Then and now
Dwayne Hess spent his fellowship turning Clay Pots … A Place to Grow into a southwest Baltimore venue for both spiritual and practical empowerment. The coffeehouse, once known as the Neighborhood Spiritual Center, now offers adult literacy classes, holistic health and wellness services, and other workshops and events. As an alumni fellow, Hess has expanded the GED classes and added classes in Spanish, knitting, photography, computer literacy and art. Narcotics Anonymous currently uses the space for occasional meetings, as does the Baltimore Free Store, the brainchild of an alumni fellow Matt Warfield.
“Individuals have been able to find community at Clay Pots, peace of mind and personal nurturing,” Hess says. “That’s something that’s been a part of our goal.”
Challenge of sustainability
“Finding financial support is always something to work on,” Hess says. “It’s never something we can just forget about—it’s always in the forefront of my mind. We’re always working hard to make sure we have the resources to keep going.”
OSI-Baltimore has helped
“The Community Fellowship was my first grant,” Hess says, proudly. “Since then, there’ve been a number of other foundations that have contributed money to Clay Pots. It’s been a fantastic boost.

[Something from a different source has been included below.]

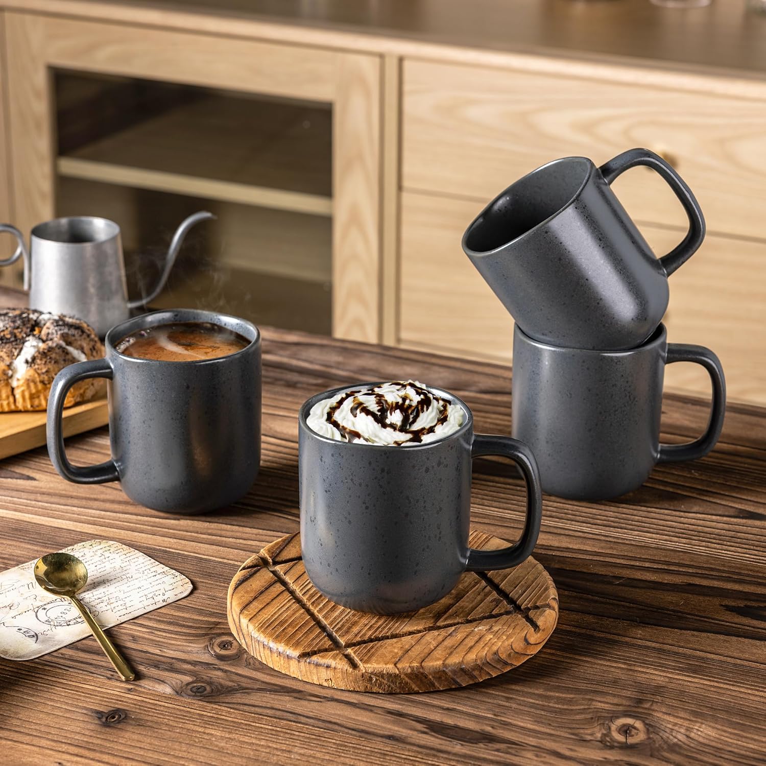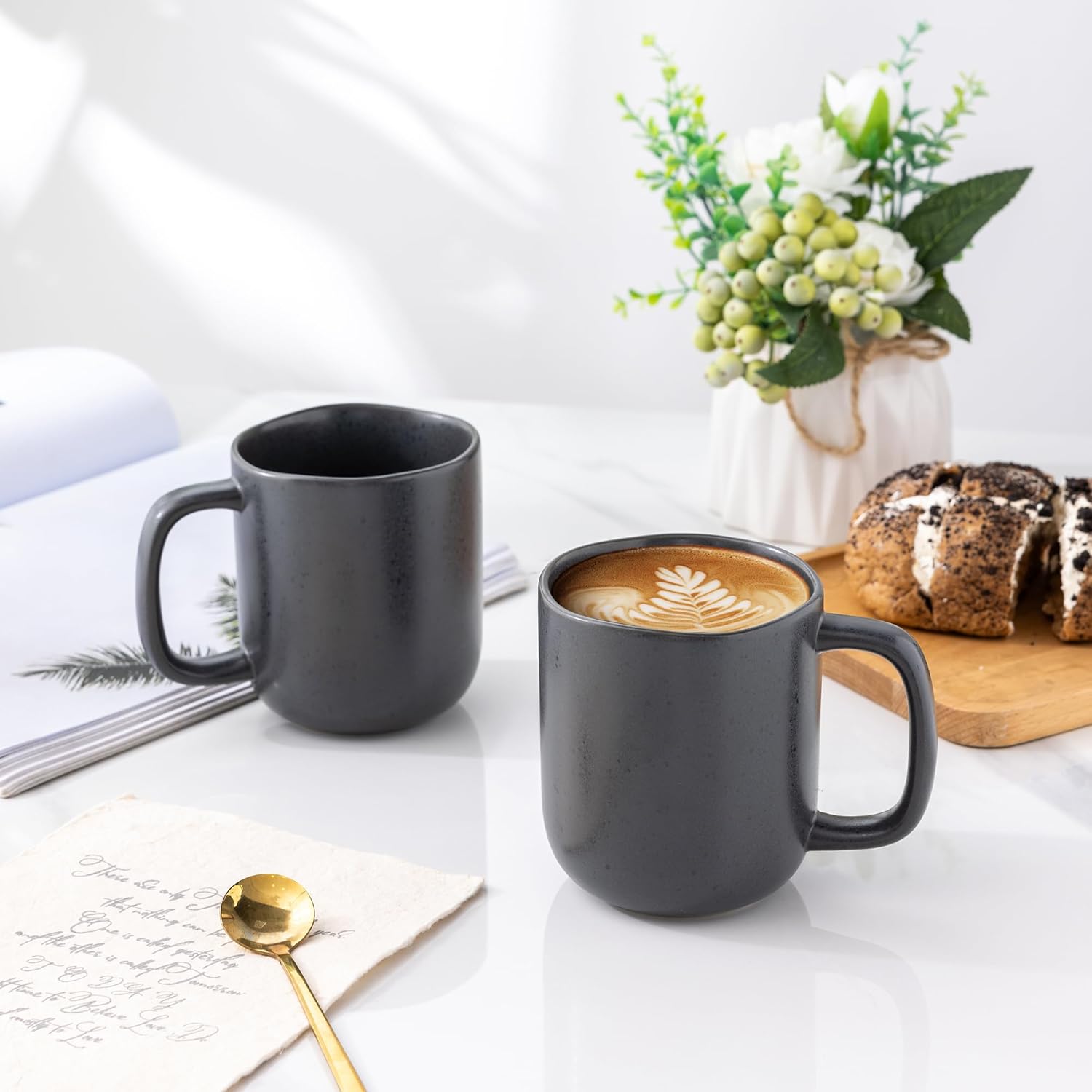 AmorArc 14oz Coffee Mugs Set of 6, Ceramic Coffee Mugs with Large Handle & Wavy Rim for Latte/Hot Cocoa/Tea, Stylish Coffee Cups for Men Women. Oven,Dishwasher&Microwave Safe, Dark Gray
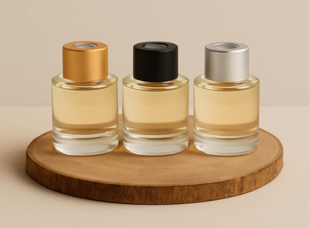 Συσκευασία: Κομψό γυάλινο μπουκάλι 50ml με ματ χρυσό, ασημί & μαύρο καπάκι

Having the backing of OSI has helped bring in the support of other people and institutions.”
In addition, Hess says he has made tremendous use of the network of fellows, such as Jason Reed, who has played music at the coffeehouse as well as arranged for other musicians to showcase their talents there. Hess also has taken advantage of OSI-Baltimore’s knowledgeable and helpful staff.
“Just knowing that they’re there and available to answer questions or to try to make connections for you has been really great for me,” Hess says.
Hess says the center is at a point where it can benefit greatly from a strategic plan, a fundraising plan and an evaluation tool to assess its services. One goal is to identify and add or strengthen services that can help to meet the personal and spiritual needs of members of marginalized west Baltimore communities.
“This grant will allow our board to do strategic planning and devote more time to fundraising with clear goals in mind,” he says.
“Our next big project is to install a peace garden so that we have our first outdoor space,” Hess says. “The courtyard will be useful for all of our different programs. Our GED class, for example, might be able to do some plant growing and a meditation group could meet outdoors.”
“It will just be one more space where people can make connections that foster community growth and increase the chances for harmony,” Hess adds. “One more place for us to let people know what’s going on in our community and what ways we’re all working together to make Baltimore a better place.”